Utilities call for a closer look at the state’s approach to “inverse condemnation”
SACRAMENTO—The California wildfires of 2017 had a devastating impact on homes, businesses, land and infrastructure. That impact extended even to the state’s utilities, bringing them potentially dire financial consequences.
Chris Holden, chair of the Assembly Utilities and Energy Committee of the California Public Utilities Commission, said lawmakers are attempting to understand the “intersect of fire safety and [the] utility infrastructure.” They also are attempting to clarify the legal distinction between “causation” and “negligence,” because California law treats investor-owned utilities, or IOUs, as part of the cause of fires when utility infrastructure is involved—regardless of whether or not there was negligence.
IOU executives, including Sempra Energy CEO Debra Reed, reported being hopeful that the state will begin addressing the problem, noting that the recent hearings on the situation indicated “an urgency to resolve the legal issue of inverse condemnation and a recognition that there are several factors involved in the causes of fires.
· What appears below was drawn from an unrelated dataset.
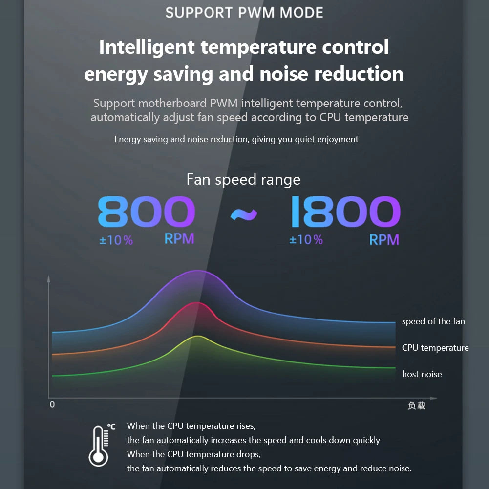 5. Intelligent temperature control, energy saving and noise reduction: Support motherboard PWM intelligent temperature control, automatically adjust the fan speed according to the CPU temperature, save energy and reduce noise, giving you a quiet enjoyment. The fan is equipped with 8 pieces of rubber feet, which can effectively reduce vibration and noise, giving you a quiet and comfortable enjoyment.

It is irrational to blame all of that strictly on the utilities.”
Reed was encouraged by a call for state legislative attorneys to review the legal principle of inverse condemnation and how it applies to the state’s IOUs.
She is not alone. Sempra and Pacific Gas and Electric Company, along with Edison International, are engaged in multipronged strategies to address the current application of inverse condemnation in the courts.
For some, that cannot happen quickly enough. The implication of the utilities’ vulnerability to blame is approaching a full-blown crisis that demands attention, according to Jim Patterson, vice chair of the utilities and energy committee.
While others stop short of using the word “crisis,” many believe the time has come to develop more reasonable solutions in the aftermath of wildfires.